In summary, the data cleaning and EDA steps laid a solid foundation for our predictive modeling. By carefully handling missing ratings, merging datasets, and exploring both univariate and bivariate relationships, we are now prepared to frame a prediction problem and move toward building predictive models in the next steps.

Framing a Prediction Problem

Type of Problem:
Our goal is to predict a numerical value: the average recipe rating. Since the rating is a continuous variable, this is a regression problem rather than a classification one.

Response Variable:
The response variable we aim to predict is the average rating of each recipe. We chose this because the rating provides a direct measure of how well-received a recipe is by users. By predicting the rating, we can gain insights into which recipe attributes contribute most to its success.

Evaluation Metric:
We will use Mean Squared Error (MSE) as our primary evaluation metric. MSE is well-suited for regression tasks because it directly measures the average squared difference between predicted and actual ratings.

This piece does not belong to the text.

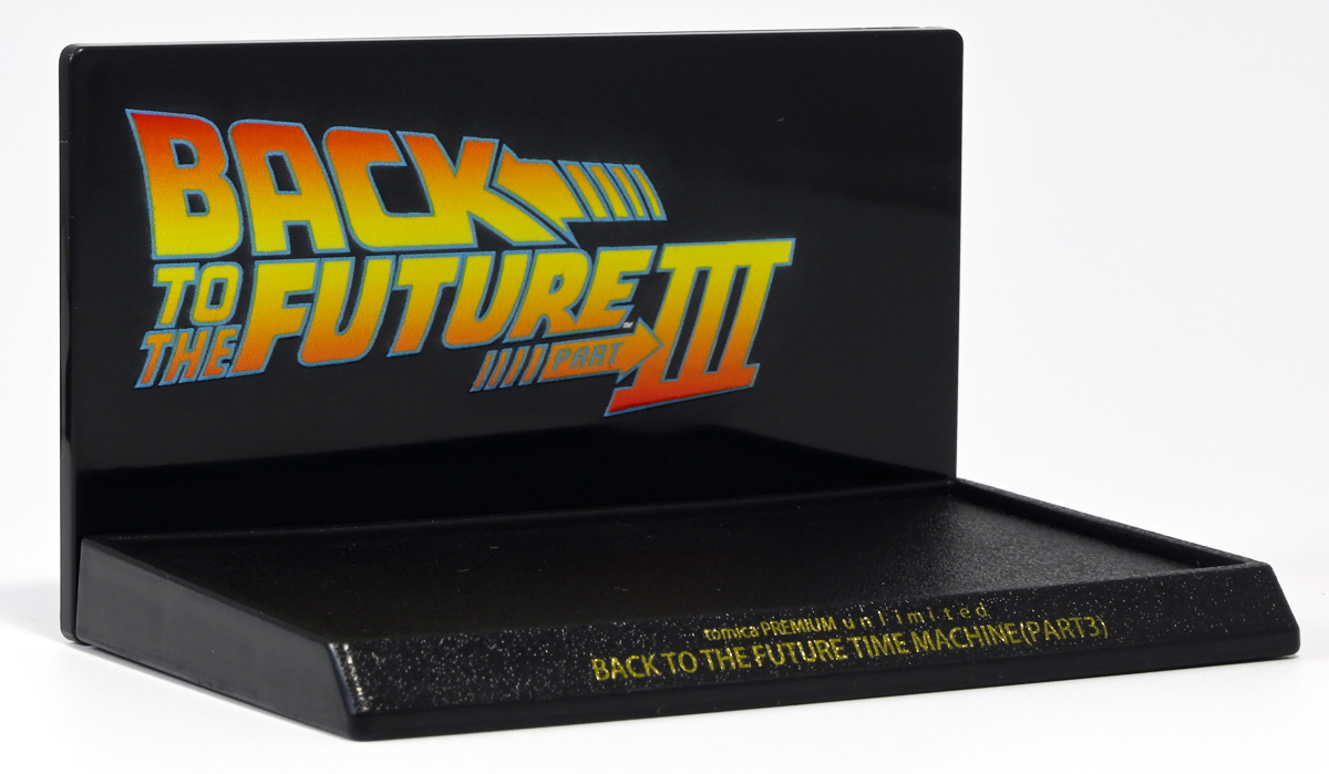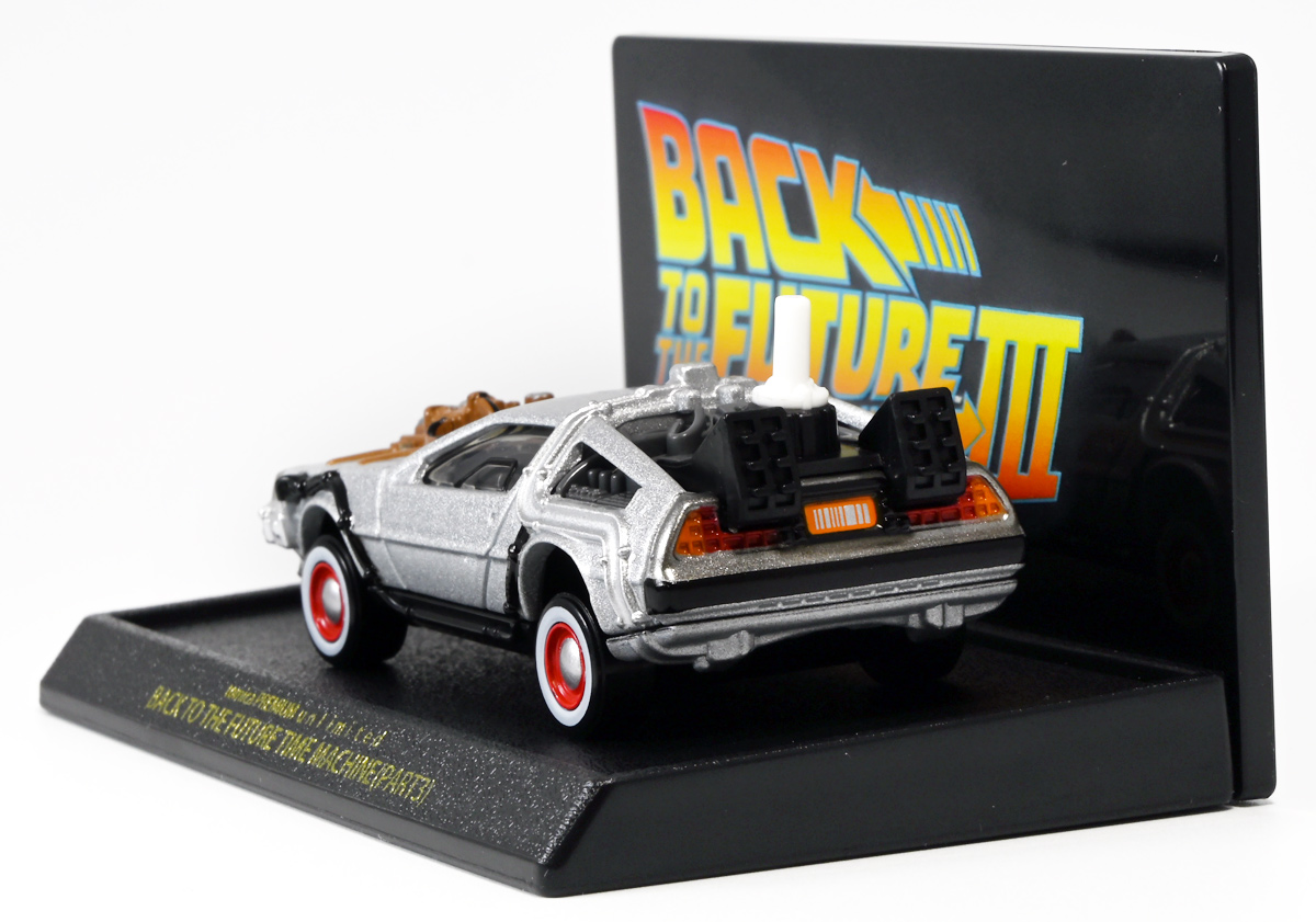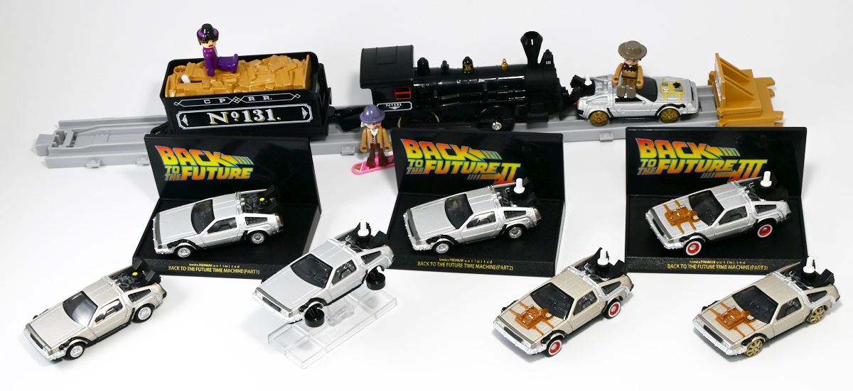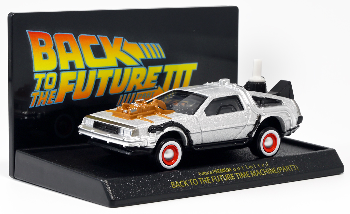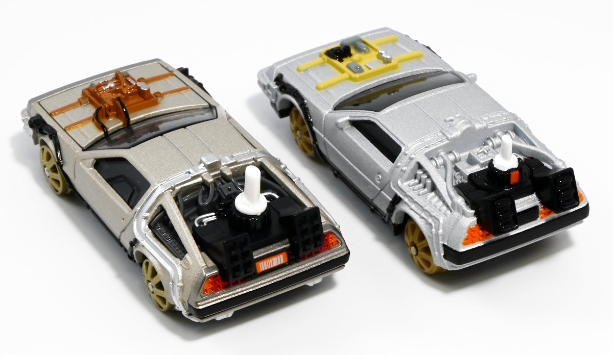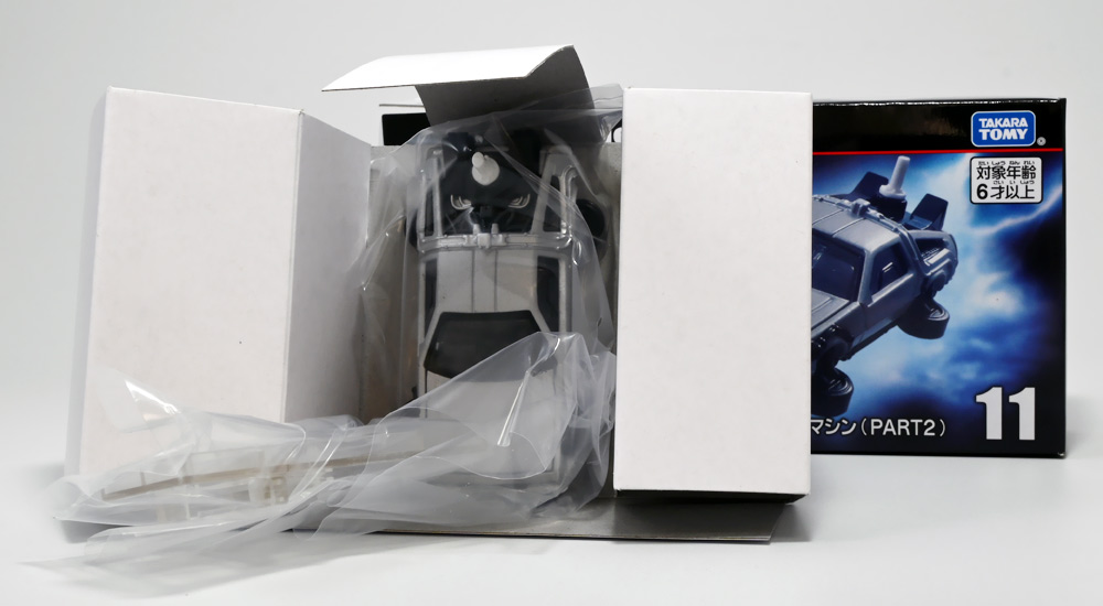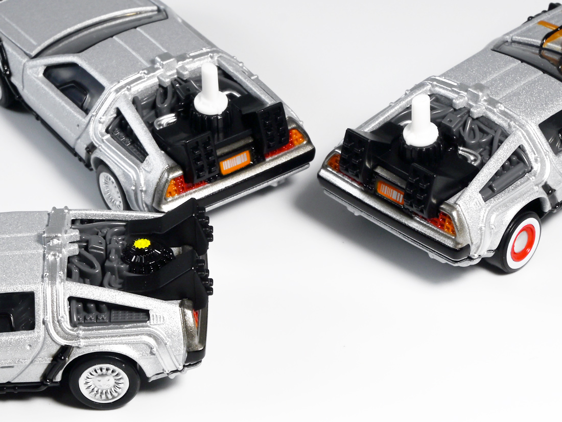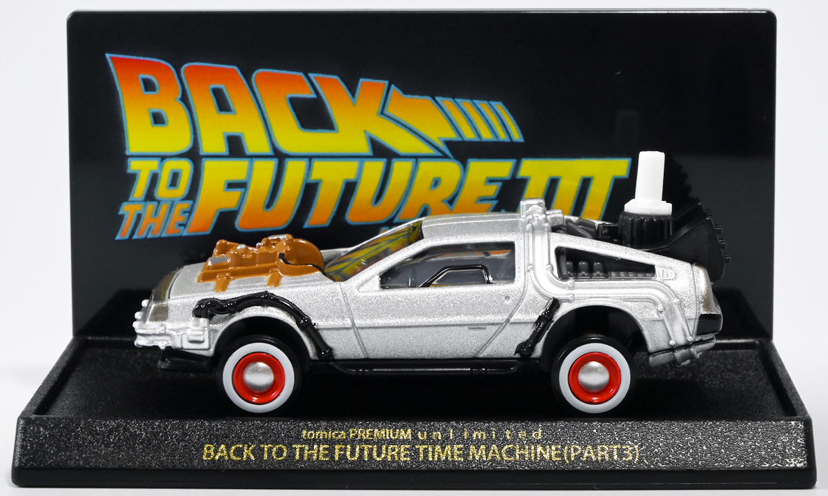 ■トミカプレミアムunlimited BACK TO THE FUTURE 40th Anniversary Collection ![]() 2025年10月25日発売 / 4620円(税込) トミカプレミアムアンリミテッドに、 映画史に残る名作「バック・トゥ・ザ・フューチャー」40周年記念パッケージが登場! 全国の「トミカショップ」及び「タカラトミーモール」通販限定で販売されたレアなパッケージぞよ! ![]() 映画シリーズ1〜3作目で活躍する「デロリアン・タイムマシン」の各形態が網羅されたパッケージ。 単品版とはボディの色が異なる限定版ぞよ! ![]() タカトミはわたくしにあと何台同じデロリアンを買わせるつもりなんだーっ!! ![]() とは申せ、一般販売の単品版を持ってる人はスルーしても良い絶妙な塩梅のバリエーションぞよね。 ![]() トミカプレミアムアンリミテッドのセットパケあるある。 そこブリスターの窓じゃないんかい! トミカからブリスターが廃されて久しいが、限定パケくらい覗けるようにしてくれても良いと思いますけどね。 ![]() パカっと開封! 中身も簡易梱包ぞよ。 環境にやさしいのだ! ![]() わたくしは今回のパッケージの着弾を楽しみにしていた。 アンリミにおけるデロリアン・タイムマシンは、PART1のみフロントの「DMC」ロゴが再現されており、 後の3、2では削られてしまった為、画竜点睛を欠く仕上がりだったのである。 しかし、この限定パケは三台全てDMCロゴが再現される上位互換・・・! まさに決定版ではないか〜っ! ・・・と開けてみたら、な、な、な、なんと・・・! 三台ともロゴが再現されていない!? 慌てて宣伝写真を見返すと、わたくしがロゴだと思ったものはフロントのロゴプレートの照り返しが白く映ったもので、 最初からロゴ無し仕様として宣伝されていたのだ・・・! まさかの空目・・・ッ!! わたくし、痛恨の勘違いであるぞよ・・・っ! ![]() いきなり出端を挫かれてしまったが、本パケにはここだけのおまけも封入されている。 それがこの専用台座だ。 ![]() 重なっているプレートを分離し、組み立てる事で・・・、 ![]() 映画ロゴがあしらわれた格好良い台座が完成! 何気に車体を乗せる部分が傾斜しており、立体的で格好良い展示が出来るような工夫があるぞよ。 ![]() 恐らく「タカラトミー100周年記念 トミカセット(2024年7月)」に入っていた台座と同仕様ぞよね。 台座部分にも金でネームが印字してあって、各デロリアン専用となっている。 ![]() 「PART1」〜「3」、各ロゴがあしらわれた台座3種が同梱! ここにデロリアンを置く事で・・・、 ![]() 40周年記念の豪華なデロリアン展示が完成するのだ! これは格好良いぞよね! ![]() それでは一台ずつ見ていこう! ・・・と言っても本商品は完全に一般販売版のバリエーションなのであまり語る事もないのであるが・・・。 まずは映画「バック・トゥ・ザ・フューチャー(1985)」で活躍したタイプの「デロリアン・タイムマシン」ぞよ。 最もスタンダードな装備で、次元転移装置の動力に小型原子炉を利用しており、 本セットにおいても車体後部のメカボックスの造形が唯一専用となっているぞよ。 ![]() 本セットに封入されているトミカは一般販売版とボディのカラーが違う限定カラバリ仕様。 比較は後述とするが、この「PART1」のみ一般販売版にあったフロントの「DMC」ロゴが削られており、 ややグレードダウン的ぞよ。 ![]() そも我らがドクことエメット・ブラウン博士が愛車のDMC-12、 通称「デロリアン」を改造して生み出したのが劇中で活躍する「タイムマシン」なのだ! DMCとはアメリカのポンコツスポーツカー会社「デロリアン・モーター・カンパニー」の略であり、 DMC社が唯一販売にこぎつけた車だからコードネーム「DMC-12」を指して「デロリアン」と呼ぶのである。 従って、フロントには「DMC」のロゴが刻まれていてしかるべきなのだが・・・ 何故かトミカでは途中から再現されなくなってしまったぞよよよよ・・・。 タカラトミーアーツのガチャガチャでは再現されているので、 トミカで削られた事には何か理由がある気もするが、謎であるぞよ・・・。 ![]() 一般販売版との細かい比較は後述とする! ![]() 「PART1」のみの仕様としては、ナンバープレートが「OUTATIME」となっている事も上げられる。 このナンバープレートはタイムマシンが初めてのタイムトラベル実験で時空を跳躍した時、 衝撃で外れ、象徴的に取り残されるぞよ。 ごくちいさな部分だがトミカでもばっちり再現されている! ![]() 続いて「バック・トゥ・ザ・フューチャー PART2(1989)」仕様! 本セットの目玉アイテムで、唯一一般販売版の無いモデルぞよ! ![]() 一般販売版の「PART2」仕様はフライングホイールを変形した飛行形態でのラインナップなので、 タイヤを接地した走行形態のバリエーショントミカは本セットでしか手に入らない! 従って全ての形態をトミカで網羅したいファンは、やはりこの限定セットも入手しなくてはならないのだ! ![]() くぅ〜・・・っ! タカトミ、ニクイ仕掛けをしてくるぞよね・・・! わたくしもまんまと買わ

It also penalizes large errors more heavily, encouraging the model to be accurate even on recipes that would otherwise be outliers.
While we also considered other metrics metrics like MAE or R², we decided on MSE for this particular data set to really try and understand the driving factors behind all of the recipe ratings.

A note on the features we chose:
We were careful to only use features available at the “time of prediction.” In other words, we relied solely on attributes of the recipe itself (e.g., ingredients, number of steps, preparation time, nutritional content, tags) that are known as soon as the recipe is created and published and we chose not include user ratings or reviews from the future, since our goal is to predict how the recipe would be rated before any user feedback is received. This ensures our model’s predictions are realistic and reflect the information a recipe creator or platform would have when they post it.

Baseline Model

For our baseline model, we chose a straightforward Linear Regression approach. We included just two features derived directly from the recipes dataset to predict the average rating:

  1. n_steps (Quantitative): The number of steps in the recipe instructions. This is a numeric value that can theoretically range from very few to many. That being said we know most of the data falls between 5 and 12 steps.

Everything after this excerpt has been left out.